WRITING FROM THE
PSYCHE
By
“Most of the basic material a writer works with is acquired
before the age of fifteen.” -Willa Cather
We’re told to write with passion or write from the heart,
and while this is good advice, I take it further. I suggest you write from the
Psyche.
When I say that, I mean writing from those places inside
your memory that stay with you, that delight you, and even haunt you. The
memory can be a joyful one, like a trip to the carnival at night when you were
a child, with all the lights, the smell of candied apple and french fries in
the air, the musical rides, the lure of the sideshow barker. Can you still feel
that excitement churning in your stomach?
Or maybe it was a darker memory- a time when you were chased
down the street by a stalker. Can you still hear those running footsteps behind
you? Feel your heart thudding in your breast?
What memories haunt you?
The seeds for my latest suspense novel Night Corridor were
planted in my childhood. On Sundays, I accompanied my grandmother to visit an
aunt in the New Brunswick Provincal Hospital, later changed to Centracare, once
called The Lunatic Asylum. She’d spent much of her life within those walls.
They said she was ‘melancholy’.
That sprawling, prison-like building with bars on the
windows, has long since been torn down, the sights, sounds and smells of the
place infiltrated the senses of the 12 year old girl I was, and never left.

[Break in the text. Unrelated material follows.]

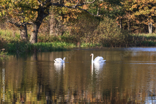 Fototapeta premium Lake with trees on the shore with yellowed foliage and two swans in autumn in sunny weather.
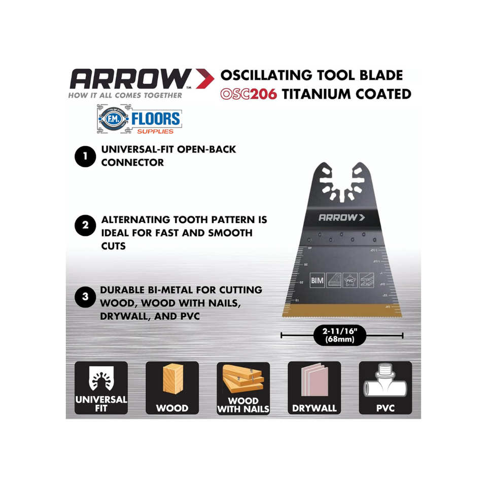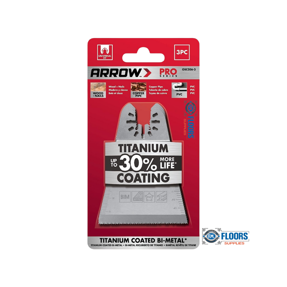 The Arrow 2 ???? Titanium Coated Bi-Metal Wood and Nail Blade is designed with a resilient titanium-enhanced blade for 30% more blade life and optimal performance. This blade features an alternating tooth pattern that?s ideal for fast and smooth cuts in nail-embedded wood and other nonferrous metals. Best of all, our universal fitting blades make it compatible with popular oscillating tools such as Dremel, Milwaukee, DeWalt, and more. Some popular projects for this blade include cabinetry and cutting door jambs. (OSC206-3) IDEAL FOR: Wood, wood with nails, PVC, copper pipe, drywall

Recently, a local paper did a story on Night Corridor. They included an old
postcard photo of the mental institution taken in 1905, and it looked almost
like a pleasant rest home with trees in front. A clever photographer had
managed to capture a small piece of the building shot at an attractive angle,
not at all how it really looked.
She was always so glad to see us. She wore makeup, and beads
and read poetry to me. She seemed like a movie star, but of course I knew
better. I didn’t really understand why she couldn’t come home.
Further research led me to a diary I read written by a woman
named Mary Heustis Pengilly, in 1885.
But while Night Corridor was inspired by my aunt, and
influenced by Mrs. Pengilly, it is not about them. Fiction can be drawn from
life, but it is filtered through the writer’s imagination. Your characters are
not you. They are people in their own right with their own hearts and minds.
You breathe life into them by infusing them with your own emotions, based on
your life experiences. In this way you are connected to them.
I don’t try to force those connections, but I do invite
them, long before I begin the novel. Something that I can grasp in my writer’s
imagination and make something of. A kind of alchemy, turning lead into gold.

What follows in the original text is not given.